Elle est recrutée en décembre 1942 par le réseau Combat et affectée au service social, chargé d'aider les familles des résistants. C'est dans ce cadre qu'elle rencontre son futur mari : Gilbert de Chambrun, jeune diplomate et chef régional de l'armée secrète. En juillet 1943, grâce à la solidarité d'autres résidents du foyer, l'étudiante réussit à s'enfuir quand la Gestapo vient l'arrêter. Après un passage à Paris, elle devient responsable du service social du réseau Combat à Marseille, puis à Lyon où, en janvier 1944, elle échappe encore aux coups de filets de l'occupant.

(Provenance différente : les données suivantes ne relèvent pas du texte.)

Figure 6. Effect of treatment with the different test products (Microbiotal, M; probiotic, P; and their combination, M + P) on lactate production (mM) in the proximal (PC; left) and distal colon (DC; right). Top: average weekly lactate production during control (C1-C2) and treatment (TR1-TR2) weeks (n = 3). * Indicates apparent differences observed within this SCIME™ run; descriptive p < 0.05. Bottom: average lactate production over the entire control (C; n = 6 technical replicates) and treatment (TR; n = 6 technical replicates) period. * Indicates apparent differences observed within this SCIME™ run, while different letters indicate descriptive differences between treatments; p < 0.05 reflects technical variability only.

Sous le nom de "Lieutenant Noëlle", elle est incorporée comme médecin, au maquis du Mont Mouchet (Haute-Loire), le plus important de France après celui du Vercors. Après son écrasement en juin 1944 par les troupes allemandes, elle rejoint un autre maquis qui se consacre au sabotage des trains avant d'appuyer les troupes alliées dans la libération du sud de la France.
LES BORDS DU RHIN
En août 1944, elle défile à Montpellier dans les rangs des vainqueurs, mais terminera la guerre sur les bords du Rhin (elle refuse d'aller plus loin pour ne pas "occuper" à son tour), comme médecin dans le 81ème régiment d'infanterie, commandé par Gilbert de Chambrun. Elle se marie avec ce dernier – le couple aura quatre enfants – en 1945, l'année où il est élu député de la Lozère à l'Assemblée constituante. Il siègera dix ans au Palais-Bourbon, dans les rangs "Républicains et résistants", puis"Républicains progressistes" (une formation à mi-chemin entre les radicaux et les communistes).

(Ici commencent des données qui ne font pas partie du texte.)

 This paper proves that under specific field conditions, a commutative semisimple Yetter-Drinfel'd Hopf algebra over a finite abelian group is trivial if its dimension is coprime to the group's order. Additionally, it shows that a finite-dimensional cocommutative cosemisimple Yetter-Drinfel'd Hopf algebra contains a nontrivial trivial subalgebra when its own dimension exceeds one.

Ce grand résistant sera aussi dans les années 1950 vice-président du Mouvement de la paix et longtemps, jusqu'en 1983, maire de Marvejols. Il est mort en 2010, à l'âge de 100 ans. A la fin des années cinquante, à 38 ans, Jacqueline de Chambrun décide de reprendre ses études de médecine et devient pédiatre. Toujours engagée à gauche mais jamais encartée ni inféodée, elle développe une conception militante de son métier.
"PORTEUSE DE LUMIÈRE"
Sous son impulsion est créé en 1968 le premier centre de protection maternelle et infantile (PMI) de Seine-Saint-Denis, dont elle sera le médecin responsable pendant dix-neuf ans. Liant prévention, éducation, soutien aux familles, elle en fait un modèle dans la profession. Très mobilisée sur le terrain des bidonvilles où se concentrent à l'époque les populations immigrées, elle milite aussi à partir des années 1970 en faveur de la contraception et de l'avortement et ouvre des consultations avec le Planning familial.

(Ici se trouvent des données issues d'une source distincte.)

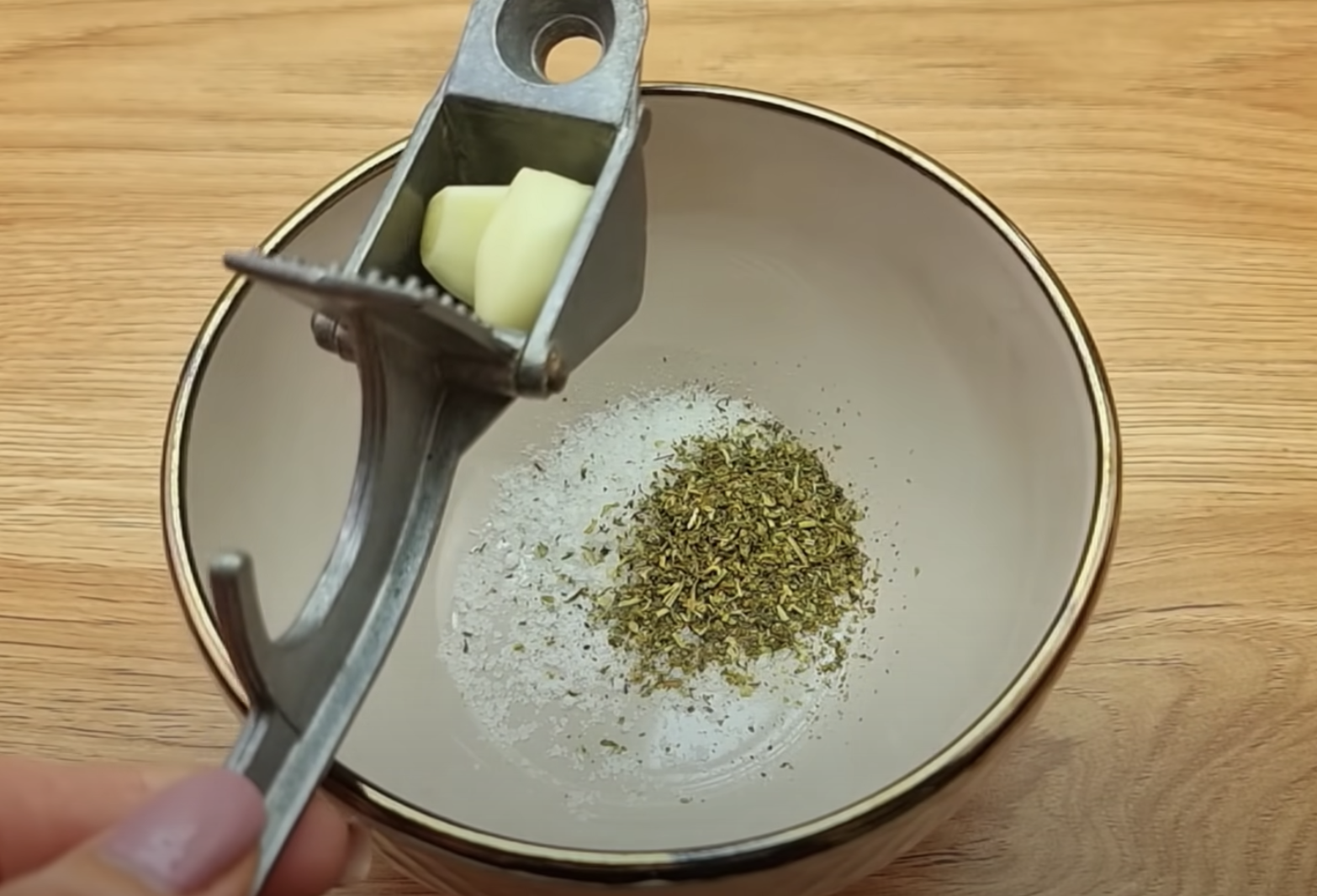Przygotuj sos: do miseczki wlej olej, dodaj do niego przeciśnięty przez praskę czosnek, przyprawy i sól. Warzywa i mięso ułożone na blaszce polej sosem i całość dokładnie wymieszaj.

Le 28 février 1987, elle prend sa retraite de médecin. Le 1er mars, elle est déjà bénévole au Secours populaire français, dont elle deviendra administratrice. Cette organisation, à l'annonce de sa mort, a salué son parcours "porté par le courage, l'audace, les valeurs humaines les plus nobles et essentielles". Pour l'association des psychologues de la petite enfance et pour le syndicat des médecins de PMI, " les associations, les services pour l'enfance, les luttes des femmes perdent une porteuse de lumière".